Everything here is two-dimensional and over-obvious, but as stated in the high-toned introduction, RAAMUS (Responsible African-American Men United in Spirit) is out to charge and inspire young African American men to the light of education and self-esteem, and away from the false promises of ghetto thinking and self-hatred. So they don’t really care about coming across nuanced, to say the least.

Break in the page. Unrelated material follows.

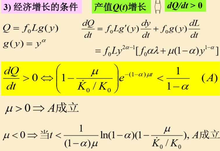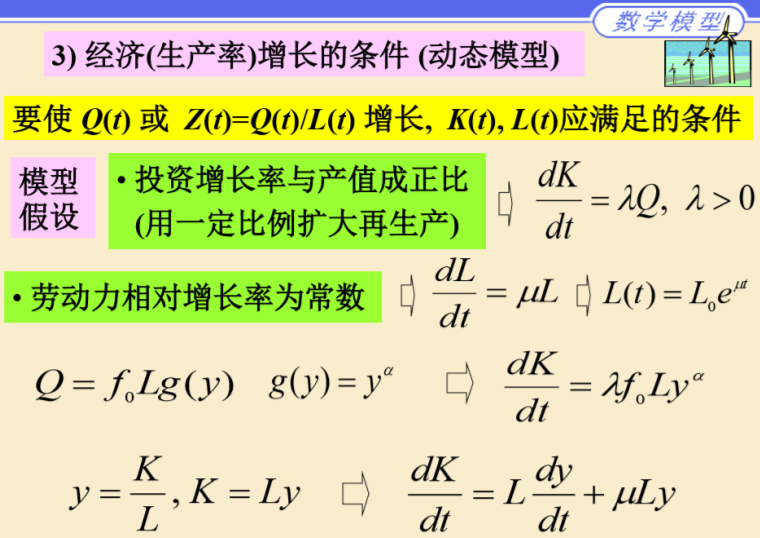 经济(生产率)增长的条件(动态模型)

On one side we have the three heroes: Peace (alias Dr. G), Power (alias Big Brother X), and Prosperity (alias Brother Bomani). In times of need they combine their awesome selves to become Amen Ra, the Liberator and Redeemer. It’s sort of like a Kwanza Voltron, if you’ll forgive the crude comparison. On the other side of things, the Evil Side, we have the Insidious Scourge of Racism (who looks a little bit like Marvel Comics’ Supreme Intelligence of the Kree) and his three minions Hatritar, the Oppressor (with his Chain-saw of ignorance and bleached-albino skin), Sambo Ignoramus, the Backstabber (think: a violent Uncle Tom), Apartheid the Unjust & their brainwashing fourth The Funky TV Junky.

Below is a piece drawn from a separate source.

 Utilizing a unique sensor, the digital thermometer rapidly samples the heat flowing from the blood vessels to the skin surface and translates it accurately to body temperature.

Set in New Jack City High School (hey, they’re throwing in all the references that mean something here) the story starts off with Hatritar and Sambo attempting to tempt young black men away from school and hard work and towards TV and easy dreams of sports’ fame. But before Hatritar can brainwash one kid by using his “Chain-saw of Ignorance” to cut off the kid’s head, the young man is rescued by Prosperity (who reminds me a lot of Tech-9 of Milestone Comics' Blood Syndicate, but hey...) who contacts the other heroes to mobilize against this threat to young black men in America.
Ok, make all the jokes you want about the simple art and basic video tricks that pass for the animation here. Espouse all you want about the 2-D Thesaurus-heavy exposition in which comic-book/action movie cliches are paired with as many references to Dr.-King, Malcolm X and other Black Pride maxims, set to a fairly engaging soundtrack and an energetic, if overly serious voice over. We have “Grenades of Knowledge” and “Fight Gloves of Redemption” so, clearly, this comic isn’t about the meaningless violence. It’s about the need to put an Educated Smack Down on the forces of Evil. Hard to argue with that.